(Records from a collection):
== Segment start ==
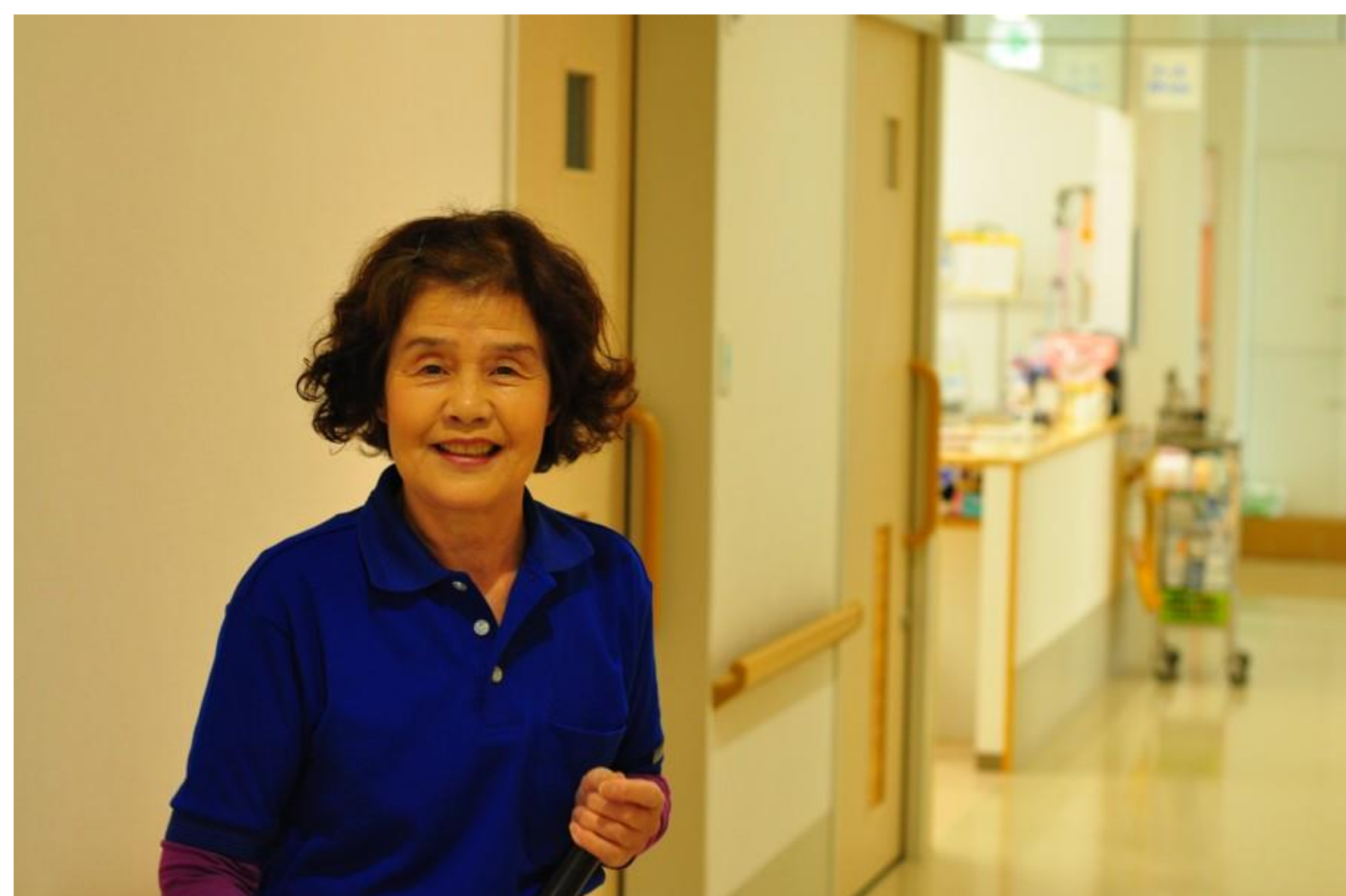
「きれい好き」を活かして働いています

ビルメンテナンス業界はもともと高齢者・障がい者雇用の受け皿的な存在。定年年齢を70歳に引き上げ、シニア人材を積極的に雇用していることでもあります。社員同士がシニア・障がい者等の区別なく「共に働く仲間」との思いで接しています。また、社員が無理なく働ける様々な雇用形態、就業場所を提供しており、定着率が非常に高いです。
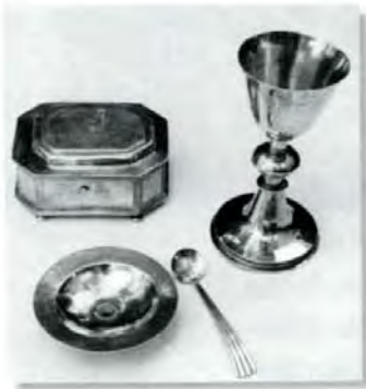
Abendmahlsgeräte aus dem Jahr 1679

Heute steht der Altar unter dem Chorbogen. Es war viele Jahrzehnte ein holzumkleideter Altar, zu dem zwei brüchige, hölzerne Stufen hinaufführten, bis er 1960 nach Plänen des Architekten Prof. H. Seytter durch einen größeren, steinernen ersetzt wurde. In diesem Zusammenhang wurde der ganze Chor auch etwas höher gelegt. Im gleichen Jahr entschied der Kirchengemeinderat, dass der Predigt-Gottesdienst, der bisher allein von der Kanzel aus geleitet wurde, mit dem Dienst am Altar beginnen soll. In der Zwischenzeit hat sich die Ordnung weiterentwickelt, so dass der Pfarrer während des Gottesdienstes nur zur Predigt auf die Kanzel geht.
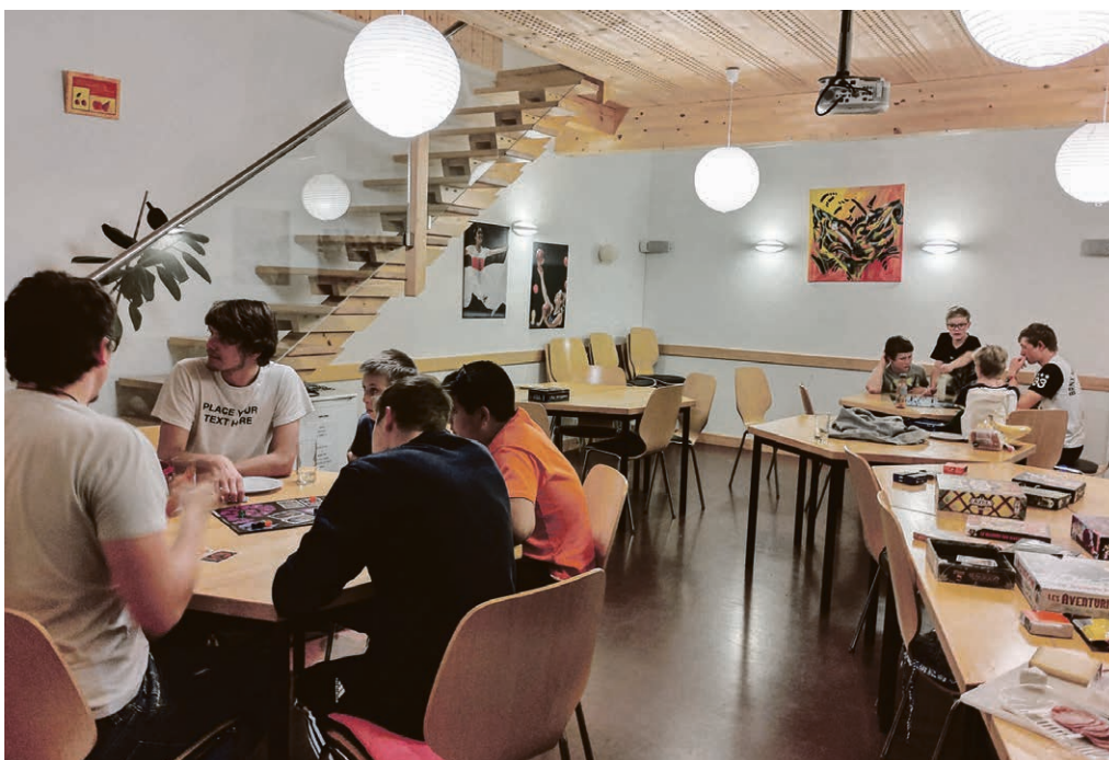
Catéchisme 9-10-11: des soirées jeux animées!

« Souper riz »: chaque fois selon une recette différente et chaque fois en relation avec la campagne d'automne DM-EPER « SILLONS D'ESPOIR ». Occasions de découvrir la collaboration entre la FJKM (Eglise de Jésus-Christ à Madagascar) et DM-échange et mission pour « promouvoir une éducation de qualité dans une approche impliquant tant le corps enseignant et les responsables d'établissement que les élèves, leurs parents et les paroisses locales ». Occasions de découvrir le soutien de l'EPER à des minorités comme les Dalits et les Adivasis systématiquement mises à l'écart de la société. En plus de votre collaboration à la préparation des repas, aux discussions et aux rangements, nous vous attendons pour accueillir des invités de Madagascar et de Suisse. Venez en famille!
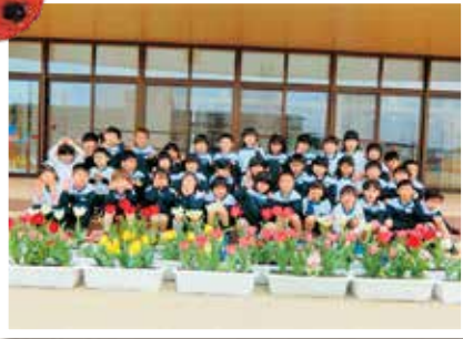
津山市立つやま東幼稚園
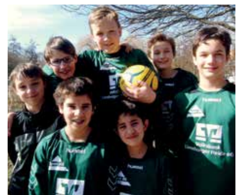
TSV Bardowick - 7. Platz.
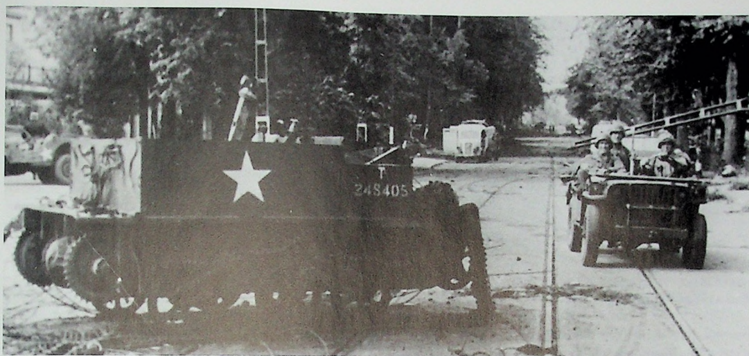
Na de slag passerende Duitse soldaten in een buitgemaakte jeep op de Utrechtseweg in Oosterbeek een kapotte Bren carrier, die waarschijnlijk behoorde bij het 10th Parachute Battalion. De foto werd gemaakt door PK fotograaf Adendorf, ca. honderd meter oostelijk van het kruispunt van de Utrechtseweg en de Stationsweg. (foto: collectie Robert Voskuil)

het zou erg moeilijk zijn geworden om vanuit het zuiden de troepen bij de brug te versterken. Frost veranderde van gedachten en het plan ging niet door. Freddy Gough merkte later op: 'De kans van slagen was miniem en het zou de familie Gough haar vierde Victoria Cross hebben opgeleverd, maar wel postuum en zonder enig nut. De carrier werd later gebruikt door de Duitsers. Dit gebeurde toen de strijd in de ochtend van 21 september op zijn eind liep. Met de carrier werden de gewonden weggehaald uit de steeds kleiner wordende perimeter. Het schijnt dat de Duitsers geen problemen hadden met het rijden met de carrier, omdat ze veel van deze voertuigen hadden buitgemaakt in de zomer van 1940.
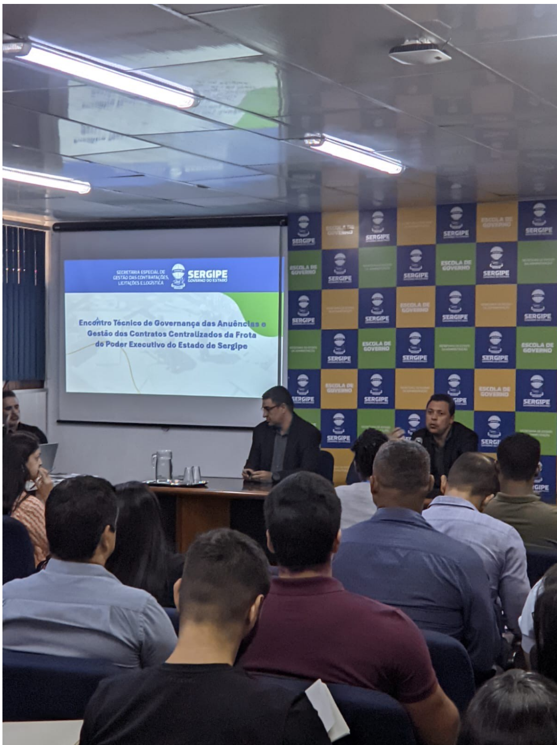
Foto 4. Painel da reunião
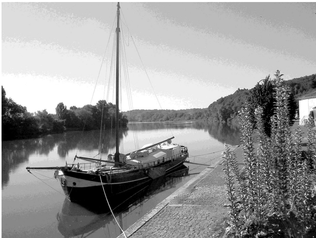
La goélette "De Dageraad" amarrée au quai de Cabara
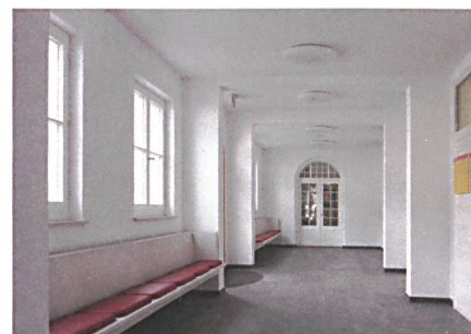
Ausgeräumt, licht und luftig – das Interieur der Station mit den Sitzbänken, die in die Architektur gefügt wurden.
== Segment end ==
(BRIEF):
Starting at the line above that holds "Venez en famille!", repeat every line exactly down to and including the line that holds "TSV Bardowick - 7. Platz.", then stop. Do not carry over any pictures.

(COMPLETED TASK):
« Souper riz »: chaque fois selon une recette différente et chaque fois en relation avec la campagne d'automne DM-EPER « SILLONS D'ESPOIR ». Occasions de découvrir la collaboration entre la FJKM (Eglise de Jésus-Christ à Madagascar) et DM-échange et mission pour « promouvoir une éducation de qualité dans une approche impliquant tant le corps enseignant et les responsables d'établissement que les élèves, leurs parents et les paroisses locales ». Occasions de découvrir le soutien de l'EPER à des minorités comme les Dalits et les Adivasis systématiquement mises à l'écart de la société. En plus de votre collaboration à la préparation des repas, aux discussions et aux rangements, nous vous attendons pour accueillir des invités de Madagascar et de Suisse. Venez en famille!
津山市立つやま東幼稚園
TSV Bardowick - 7. Platz.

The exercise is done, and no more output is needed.